Sadly the only real move the average person has to play in all of this is if they do this, refuse to use any site that blocks access or extensions based on it.
Go back to paying your property tax with checks, etc if you have to. But the only way to deal with these companies is being willing to go to whatever lengths are required to avoid using their products and services.
i don't quite get why can't the attester just.. lie.. about who he is
like if I'm using firefox on linux, why cant my linux attester claim to be actually windows attester and say I'm using chrome?
I am not an expert, but it's likely signed and cryptographically secured. Change a single byte in the be Browser executable and your browser goes on the naughty list. This is total lockdown of the browser, and in principle you can extend certification of both software and hardware all the way down through the OS into the hardware.
The website has to choose to trust a given attestation provider. If Open Source Browser Attestation Provider X is known for freely handing out attestations then websites will just ignore them
The browser's self-attestation. This is tricky part to implement.
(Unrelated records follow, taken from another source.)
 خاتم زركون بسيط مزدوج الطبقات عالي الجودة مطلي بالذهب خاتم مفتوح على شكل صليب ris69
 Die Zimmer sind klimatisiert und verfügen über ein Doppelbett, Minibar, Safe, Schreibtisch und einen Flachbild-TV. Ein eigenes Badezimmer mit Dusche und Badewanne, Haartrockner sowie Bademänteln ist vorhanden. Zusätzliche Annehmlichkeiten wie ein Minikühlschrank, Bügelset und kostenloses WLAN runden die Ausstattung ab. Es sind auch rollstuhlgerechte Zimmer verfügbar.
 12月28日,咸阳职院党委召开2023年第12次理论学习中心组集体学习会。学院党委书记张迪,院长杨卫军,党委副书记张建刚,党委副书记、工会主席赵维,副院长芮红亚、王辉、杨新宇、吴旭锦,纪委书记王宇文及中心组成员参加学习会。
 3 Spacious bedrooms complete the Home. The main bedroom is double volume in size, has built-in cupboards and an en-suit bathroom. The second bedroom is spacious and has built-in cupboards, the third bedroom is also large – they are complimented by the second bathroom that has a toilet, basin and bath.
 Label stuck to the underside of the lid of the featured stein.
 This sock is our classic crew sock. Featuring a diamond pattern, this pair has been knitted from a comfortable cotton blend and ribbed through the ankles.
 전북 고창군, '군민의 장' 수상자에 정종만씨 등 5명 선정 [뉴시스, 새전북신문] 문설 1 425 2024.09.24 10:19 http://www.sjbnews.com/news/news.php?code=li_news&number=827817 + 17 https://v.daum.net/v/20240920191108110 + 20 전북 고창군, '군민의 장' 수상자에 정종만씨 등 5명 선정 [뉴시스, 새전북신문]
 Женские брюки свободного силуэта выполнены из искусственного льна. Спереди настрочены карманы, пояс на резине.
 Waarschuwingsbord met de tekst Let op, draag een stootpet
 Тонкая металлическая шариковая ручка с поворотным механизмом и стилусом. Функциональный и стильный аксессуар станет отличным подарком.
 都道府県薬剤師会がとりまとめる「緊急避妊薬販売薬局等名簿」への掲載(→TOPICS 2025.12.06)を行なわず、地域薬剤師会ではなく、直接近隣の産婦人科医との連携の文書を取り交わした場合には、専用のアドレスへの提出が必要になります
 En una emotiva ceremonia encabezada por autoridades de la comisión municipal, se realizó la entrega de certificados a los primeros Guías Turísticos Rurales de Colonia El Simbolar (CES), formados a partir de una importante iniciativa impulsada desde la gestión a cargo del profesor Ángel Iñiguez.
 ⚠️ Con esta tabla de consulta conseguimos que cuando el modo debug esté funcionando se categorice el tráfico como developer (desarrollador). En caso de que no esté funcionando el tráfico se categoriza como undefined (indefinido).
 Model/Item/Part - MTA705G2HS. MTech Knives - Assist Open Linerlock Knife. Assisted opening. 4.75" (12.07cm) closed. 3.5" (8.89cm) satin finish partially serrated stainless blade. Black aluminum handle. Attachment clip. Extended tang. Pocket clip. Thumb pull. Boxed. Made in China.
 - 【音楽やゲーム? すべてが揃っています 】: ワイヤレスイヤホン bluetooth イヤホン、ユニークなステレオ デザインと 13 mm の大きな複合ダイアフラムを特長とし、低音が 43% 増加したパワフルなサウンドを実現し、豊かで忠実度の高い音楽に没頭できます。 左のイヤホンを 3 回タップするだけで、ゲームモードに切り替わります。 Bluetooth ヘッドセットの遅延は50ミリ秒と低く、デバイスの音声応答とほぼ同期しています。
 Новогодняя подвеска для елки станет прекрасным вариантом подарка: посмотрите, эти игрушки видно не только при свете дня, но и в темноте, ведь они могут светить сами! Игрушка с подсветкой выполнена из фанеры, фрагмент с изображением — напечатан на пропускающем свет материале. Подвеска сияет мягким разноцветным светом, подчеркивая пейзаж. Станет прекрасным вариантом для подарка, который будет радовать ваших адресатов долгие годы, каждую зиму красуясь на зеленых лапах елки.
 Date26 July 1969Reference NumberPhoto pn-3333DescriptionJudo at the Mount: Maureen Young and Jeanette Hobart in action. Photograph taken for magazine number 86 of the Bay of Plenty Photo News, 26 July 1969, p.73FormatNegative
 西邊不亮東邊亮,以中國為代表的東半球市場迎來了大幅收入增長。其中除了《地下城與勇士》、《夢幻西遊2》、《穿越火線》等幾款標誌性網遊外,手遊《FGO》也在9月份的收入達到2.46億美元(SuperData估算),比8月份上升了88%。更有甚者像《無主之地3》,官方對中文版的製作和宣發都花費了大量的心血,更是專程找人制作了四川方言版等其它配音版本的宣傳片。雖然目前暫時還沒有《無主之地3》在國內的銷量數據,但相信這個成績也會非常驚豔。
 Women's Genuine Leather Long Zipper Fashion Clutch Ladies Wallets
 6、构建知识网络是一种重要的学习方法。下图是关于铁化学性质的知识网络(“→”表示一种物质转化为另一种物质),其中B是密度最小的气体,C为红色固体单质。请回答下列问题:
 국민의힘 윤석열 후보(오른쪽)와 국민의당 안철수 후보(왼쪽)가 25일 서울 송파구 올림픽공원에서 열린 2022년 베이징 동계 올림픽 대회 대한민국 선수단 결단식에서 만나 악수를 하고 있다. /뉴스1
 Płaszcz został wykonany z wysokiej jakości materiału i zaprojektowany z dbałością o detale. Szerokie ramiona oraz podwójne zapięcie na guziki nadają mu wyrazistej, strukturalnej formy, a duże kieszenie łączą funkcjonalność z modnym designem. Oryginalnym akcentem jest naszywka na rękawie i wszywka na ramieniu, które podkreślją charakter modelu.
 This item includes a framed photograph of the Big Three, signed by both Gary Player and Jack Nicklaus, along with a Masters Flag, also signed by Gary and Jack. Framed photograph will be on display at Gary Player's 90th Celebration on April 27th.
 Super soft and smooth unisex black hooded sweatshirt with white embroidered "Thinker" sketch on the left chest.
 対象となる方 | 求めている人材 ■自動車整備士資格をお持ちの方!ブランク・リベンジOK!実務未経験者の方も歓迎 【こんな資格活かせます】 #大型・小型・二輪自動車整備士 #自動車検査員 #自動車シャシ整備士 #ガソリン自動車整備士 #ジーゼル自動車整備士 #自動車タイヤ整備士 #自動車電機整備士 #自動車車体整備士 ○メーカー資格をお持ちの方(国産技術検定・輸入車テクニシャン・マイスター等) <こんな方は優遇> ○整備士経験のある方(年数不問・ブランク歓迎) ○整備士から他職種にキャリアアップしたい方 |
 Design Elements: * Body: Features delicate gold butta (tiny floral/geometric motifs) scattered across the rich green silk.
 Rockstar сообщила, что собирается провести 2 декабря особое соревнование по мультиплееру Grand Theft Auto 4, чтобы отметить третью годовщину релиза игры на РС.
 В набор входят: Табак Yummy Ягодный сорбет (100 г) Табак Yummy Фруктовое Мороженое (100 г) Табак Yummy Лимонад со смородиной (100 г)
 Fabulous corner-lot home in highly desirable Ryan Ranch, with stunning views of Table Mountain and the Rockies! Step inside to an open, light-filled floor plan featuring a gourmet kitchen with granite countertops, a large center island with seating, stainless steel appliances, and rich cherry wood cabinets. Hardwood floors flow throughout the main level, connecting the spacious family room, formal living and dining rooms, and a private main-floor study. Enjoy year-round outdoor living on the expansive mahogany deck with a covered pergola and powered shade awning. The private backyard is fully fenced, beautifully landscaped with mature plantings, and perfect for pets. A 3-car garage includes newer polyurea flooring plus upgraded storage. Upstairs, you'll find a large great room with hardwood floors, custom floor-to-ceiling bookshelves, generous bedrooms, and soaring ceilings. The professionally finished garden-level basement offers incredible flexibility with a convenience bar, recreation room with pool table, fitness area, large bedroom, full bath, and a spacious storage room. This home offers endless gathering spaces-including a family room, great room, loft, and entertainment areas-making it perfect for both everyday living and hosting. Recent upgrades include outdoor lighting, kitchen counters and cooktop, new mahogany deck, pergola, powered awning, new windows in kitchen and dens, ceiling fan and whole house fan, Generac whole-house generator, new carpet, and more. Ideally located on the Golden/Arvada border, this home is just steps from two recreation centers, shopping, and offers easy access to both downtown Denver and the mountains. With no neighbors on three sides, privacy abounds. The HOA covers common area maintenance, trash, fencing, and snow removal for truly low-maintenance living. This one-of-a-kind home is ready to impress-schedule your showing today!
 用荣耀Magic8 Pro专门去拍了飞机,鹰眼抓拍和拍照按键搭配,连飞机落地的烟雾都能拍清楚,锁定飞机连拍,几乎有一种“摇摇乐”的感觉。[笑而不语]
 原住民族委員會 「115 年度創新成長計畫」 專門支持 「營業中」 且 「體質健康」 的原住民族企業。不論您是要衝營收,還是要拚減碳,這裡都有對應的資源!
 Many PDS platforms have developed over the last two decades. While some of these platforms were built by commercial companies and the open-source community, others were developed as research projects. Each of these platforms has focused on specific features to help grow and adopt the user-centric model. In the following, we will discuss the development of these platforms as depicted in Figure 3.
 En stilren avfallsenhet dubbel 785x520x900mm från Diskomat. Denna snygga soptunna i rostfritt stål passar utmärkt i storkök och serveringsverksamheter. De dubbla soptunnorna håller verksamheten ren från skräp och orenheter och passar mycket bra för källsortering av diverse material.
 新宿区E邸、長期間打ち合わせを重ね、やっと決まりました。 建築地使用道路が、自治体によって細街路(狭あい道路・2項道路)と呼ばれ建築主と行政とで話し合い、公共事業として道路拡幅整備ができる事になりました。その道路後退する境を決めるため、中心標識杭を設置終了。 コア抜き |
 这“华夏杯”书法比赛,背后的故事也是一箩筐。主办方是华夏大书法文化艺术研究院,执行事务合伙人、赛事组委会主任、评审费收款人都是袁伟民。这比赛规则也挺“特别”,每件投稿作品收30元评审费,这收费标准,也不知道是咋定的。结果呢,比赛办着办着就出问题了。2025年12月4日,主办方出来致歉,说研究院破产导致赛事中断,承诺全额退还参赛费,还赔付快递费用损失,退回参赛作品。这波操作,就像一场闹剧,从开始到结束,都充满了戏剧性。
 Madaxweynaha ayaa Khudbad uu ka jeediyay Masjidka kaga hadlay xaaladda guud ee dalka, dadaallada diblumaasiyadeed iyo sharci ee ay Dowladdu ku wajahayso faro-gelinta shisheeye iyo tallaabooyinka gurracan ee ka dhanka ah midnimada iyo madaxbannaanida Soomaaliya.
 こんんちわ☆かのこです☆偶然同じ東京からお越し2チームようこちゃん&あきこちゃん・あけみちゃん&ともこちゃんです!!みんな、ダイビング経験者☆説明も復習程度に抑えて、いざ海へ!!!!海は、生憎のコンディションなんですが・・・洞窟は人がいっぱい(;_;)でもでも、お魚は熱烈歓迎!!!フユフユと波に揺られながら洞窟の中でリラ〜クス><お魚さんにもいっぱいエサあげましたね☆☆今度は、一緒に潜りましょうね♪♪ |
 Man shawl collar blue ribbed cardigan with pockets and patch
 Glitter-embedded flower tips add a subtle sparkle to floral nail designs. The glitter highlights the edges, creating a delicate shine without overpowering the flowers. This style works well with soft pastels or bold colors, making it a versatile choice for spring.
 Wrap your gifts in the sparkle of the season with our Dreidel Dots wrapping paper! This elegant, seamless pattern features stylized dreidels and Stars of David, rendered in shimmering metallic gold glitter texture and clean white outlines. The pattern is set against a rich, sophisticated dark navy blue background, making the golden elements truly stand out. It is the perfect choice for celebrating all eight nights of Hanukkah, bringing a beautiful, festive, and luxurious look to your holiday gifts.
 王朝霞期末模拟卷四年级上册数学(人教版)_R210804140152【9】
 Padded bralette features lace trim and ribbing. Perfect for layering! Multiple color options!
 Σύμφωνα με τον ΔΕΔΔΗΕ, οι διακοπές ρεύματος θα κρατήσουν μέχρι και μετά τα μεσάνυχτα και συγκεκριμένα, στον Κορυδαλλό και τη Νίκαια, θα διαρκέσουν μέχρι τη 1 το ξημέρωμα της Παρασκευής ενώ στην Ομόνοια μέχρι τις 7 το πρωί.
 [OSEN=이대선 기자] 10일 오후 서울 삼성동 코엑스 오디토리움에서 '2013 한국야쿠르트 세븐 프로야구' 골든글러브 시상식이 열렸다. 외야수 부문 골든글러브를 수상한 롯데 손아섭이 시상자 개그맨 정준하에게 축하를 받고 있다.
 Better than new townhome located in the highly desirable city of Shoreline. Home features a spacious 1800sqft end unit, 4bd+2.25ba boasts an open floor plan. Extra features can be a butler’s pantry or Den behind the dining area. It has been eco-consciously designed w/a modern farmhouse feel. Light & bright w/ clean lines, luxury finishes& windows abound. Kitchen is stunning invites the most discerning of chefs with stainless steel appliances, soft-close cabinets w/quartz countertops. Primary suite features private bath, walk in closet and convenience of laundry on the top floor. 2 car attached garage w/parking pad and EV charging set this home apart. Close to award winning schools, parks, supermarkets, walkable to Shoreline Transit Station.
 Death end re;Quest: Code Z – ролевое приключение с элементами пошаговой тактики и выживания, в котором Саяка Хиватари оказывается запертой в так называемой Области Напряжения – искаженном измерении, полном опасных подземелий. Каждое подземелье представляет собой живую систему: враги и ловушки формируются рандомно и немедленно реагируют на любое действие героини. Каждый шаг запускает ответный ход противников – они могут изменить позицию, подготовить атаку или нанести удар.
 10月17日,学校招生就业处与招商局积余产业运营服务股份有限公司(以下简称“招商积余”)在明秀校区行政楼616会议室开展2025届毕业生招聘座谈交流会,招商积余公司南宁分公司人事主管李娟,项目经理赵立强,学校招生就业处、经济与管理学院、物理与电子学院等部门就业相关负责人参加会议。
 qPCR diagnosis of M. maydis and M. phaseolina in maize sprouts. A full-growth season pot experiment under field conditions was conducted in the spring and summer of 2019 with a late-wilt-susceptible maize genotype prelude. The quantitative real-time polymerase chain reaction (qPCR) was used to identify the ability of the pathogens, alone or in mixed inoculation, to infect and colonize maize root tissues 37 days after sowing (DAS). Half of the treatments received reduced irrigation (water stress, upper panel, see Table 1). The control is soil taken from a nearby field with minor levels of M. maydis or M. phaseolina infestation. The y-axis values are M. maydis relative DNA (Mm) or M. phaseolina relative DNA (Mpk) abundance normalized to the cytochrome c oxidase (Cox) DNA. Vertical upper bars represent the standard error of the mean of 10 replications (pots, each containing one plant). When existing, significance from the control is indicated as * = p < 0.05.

I haven't looked at the WEI spec to see how this works, but ultimately it depends on code running on your machine identifying when it's been modified. In theory, you can modify the browser however you want, but it's likely that this code will be thoroughly obfuscated and regularly changing to make it hard to reverse engineer. In addition, there are CPU level systems like Intel SGX that provide secure enclaves to run code and a remote entity can verify that the code that ran in SGX was the same code that the remote entity intended to run.
If you're on iOS or Android, there's already strong OS level protections that a browser attestation can plugin to (like SafetyNet.)
Every time somebody calls this "web of trust" I feel the need to remind that really Web of Trust is a system of, well, decentralized manual trust, like with PGP. Like in Retroshare or Freenet for some people.
Every such attempt at replacing the actually relevant meaning of a thing which is still good and needed is suspicious.
We had the dominance of Microsoft with IE back in the day. They made sure that the web was being kept back. Google is doing the same now, even though people have been shouting that they'd never do that. Here we are..
Once entities like tax authorities require it for filing your taxes (or any other thing you absolutely have to do), that's not really an option any more.
I use Youtube a lot on Librewolf, which probably isn't going to be very trusted.. Hoping i don't get booted off of sites i usually use like YT.
It was time to switch to Invidious anyway.
Which will stop working once this is implemented, since it doesn't use a trusted browser to access YT. As will any kind of automated access. Search engine bots, archive crawlers, third party apps... anything websites don't like or know won't be able to access them anymore.